I have a younger female who is friendly, sometimes she will climb onto my hand and partially up my arm on her own. Other times I want to pick her up but she will hang onto the bars of the cage with her hands till she goes sideways which is pretty funny. So I let her go back in. 

It may also depend on how sleepy they are. Being nocturnal, they seem less adventurous in the light, but after it gets dim at night or early in the morning they are much more likely to want to explore, play games etc. 

have fun!


----------



## Squeakfluff (Dec 7, 2015)

My rat Niko is the same way. Some rats are just skittish, nothing's wrong with them ^^


----------



## fera (Dec 10, 2015)

They tend to be like that, not liking being held directly when they're younger, thats fine, they'll get over it. My boys are about 9/10 months now, and they've only recently started being ok with being picked up. They also only recently started enjoying pets and rubs <3 so it's ok, they'll likely get used to it in a while


----------



## Heyyouguys (Jun 19, 2016)

One of my boys is the same and they're 4 months now. One boy will go limp when I pick him up and loves a cuddle, but my other boy will spin his tail and claw me and just generally hates being picked up! He's happy to be scratched and stroked and tickled... but no matter how much I try to talk to him and soothe him and support his entire body when he's being carried, he just hates it. And I guess that's just how some rats are?


----------



## Fu-Inle (Jan 22, 2015)

Babies generally hate being picked up, even if they've been well socialised. I try to avoid grabing them too much and instead getting them to climb onto my hand.


----------



## Rattielover965 (Apr 26, 2016)

katiemw said:


> my new but he doesn't seem to like actually being grabbed. I try to pick him up from the underside or sides as much as possible, since I know they get scared if you grab from the top. But, once I pick him up (usually by scooping him and quickly bringing him close to my chest), he's fine.


rats shouldn't be "grabbed".they should not be picked up from above because predators come from above.


----------



## moonkissed (Dec 26, 2011)

Fu-Inle said:


> Babies generally hate being picked up, even if they've been well socialised.
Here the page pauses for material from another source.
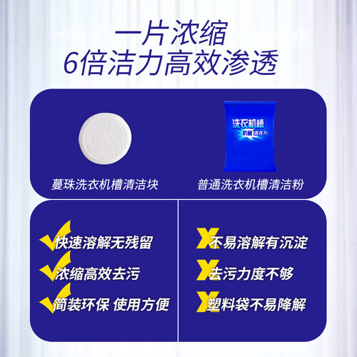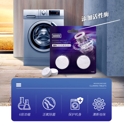 6倍浓缩型清洁剂,只需一片就能对洗衣机长积月累的污垢进行全方位清除,渗透力强,并能抑制细菌滋生,去除霉菌,保护家人健康。

I try to avoid grabing them too much and instead getting them to climb onto my hand.


I disagree, a baby with great temperament should be perfectly fine handled and picked up. Zero struggle or issues what so ever. it is actually part of temperament testing many breeders use!

Sadly though many rats are just not that way.

Being picked up is scary. Put yourself in their shoes, if some giant just snatched you up, I might be alittle worried lol
The rat may love you and like being with you but still have some trust issues or just be fearful of being picked up.

One of the best things to do is just make sure you are picking them up carefully and correctly. But for the most part this is a fear that is hard to get over as being picked up reinforces is. 
I'd work on training them to crawl into your hand if you can.


----------